What's the spectrum of disease?

Organ-specific (type 1 diabetes attacking pancreatic beta cells, Hashimoto's thyroiditis, multiple sclerosis attacking CNS myelin, myasthenia gravis attacking acetylcholine receptors) versus systemic (lupus, rheumatoid arthritis, systemic sclerosis, vasculitides). Mechanisms include autoantibody-mediated destruction (autoimmune hemolytic anemia), receptor blockade or stimulation (myasthenia, Graves'), immune complex deposition (lupus nephritis), and T cell-driven cytotoxicity (type 1 diabetes, MS).

Why are women affected more?

X-chromosome dosage, sex hormones, and microchimerism all contribute. Estrogen generally promotes type 2 and humoral immunity; X-linked genes like FOXP3, CD40L, and TLR7 escape X-inactivation in some cells, raising effective dose. Pregnancy alters disease activity — rheumatoid arthritis often improves while lupus often worsens. Klinefelter syndrome (XXY men) carries lupus risk approaching that of XX women, supporting an X-dose mechanism.

What are the major treatments?

Glucocorticoids remain workhorses for acute flare control. Conventional DMARDs (methotrexate, hydroxychloroquine, azathioprine, mycophenolate) are immunomodulatory backbones. Biologics target specific cytokines: TNF inhibitors (adalimumab, infliximab) for RA and IBD; IL-6 receptor blockade (tocilizumab) for RA and giant cell arteritis; IL-17 (secukinumab) and IL-23 (guselkumab) for psoriasis and spondyloarthritis. B-cell depletion (rituximab) for vasculitis and refractory disease. JAK inhibitors (tofacitinib, baricitinib) for multiple indications. CAR-T cells against B cells are an emerging frontier in lupus.

What about immune checkpoint biology?

CTLA-4 and PD-1 are inhibitory receptors that maintain peripheral tolerance. Cancer immunotherapy with checkpoint inhibitors (ipilimumab, pembrolizumab, nivolumab) blocks these brakes to unleash anti-tumor responses. The expected price is autoimmune-like adverse events — checkpoint inhibitor colitis, hepatitis, hypophysitis, pneumonitis, and dermatitis are common. Severe events require immunosuppression. The same biology in reverse — engineering CTLA-4 fusion proteins (abatacept) — treats rheumatoid arthritis.

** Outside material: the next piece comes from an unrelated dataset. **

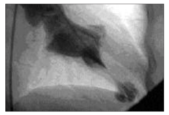
Figure 1. Severe mid-ventricular hypertrophy with hourglass appearance at systole during left ventriculography

A 54-year-old female patient was admitted to our clinic with the complaints of palpitation, dizziness, chest pain and dyspnea on exertion. Blood pressure was 100/60 mmHg, pulse 104 beats/min. An early systolic sound and third degree systolic murmur in mitral area radiating to mid-clavicular line were heard at cardiac auscultation. Other system examinations were normal. On electrocardiogram, downsloping type ST depression with negative T waves in precordial derivations and right bundle branch block were seen. Telecardiography showed neither cardiomegaly nor pulmonary congestion. Mitral insufficiency (central, jet second degree) and concentric left ventricular (LV) hypertrophy had been reported in the former echocardiography report. Coronary angiography and left ventriculography were done. Coronary angiograms showed no narrowing of major epicardial coronary arteries. Severe mid-ventricular hypertrophy with hourglass appearance at systole and apical aneurysm were detected by left ventriculography (Figure 1). Left ventricular catheterization revealed normal cardiac output and severe intra-ventricular pressure gradient (95 mmHg at rest) between the LV apical and basal chambers. A new echocardiographic examination was

How is diagnosis confirmed?

Pattern of clinical disease plus characteristic autoantibodies. ANA screens for connective tissue disease; specific antibodies like anti-dsDNA and anti-Smith refine to lupus. Anti-CCP is sensitive and specific for rheumatoid arthritis. ANCAs distinguish vasculitis types. Anti-TPO and anti-thyroglobulin support thyroid autoimmunity. Anti-tTG is the screen for celiac disease. Tissue biopsy remains the gold standard for many — renal biopsy for lupus nephritis, salivary gland for Sjögren's, muscle for myositis.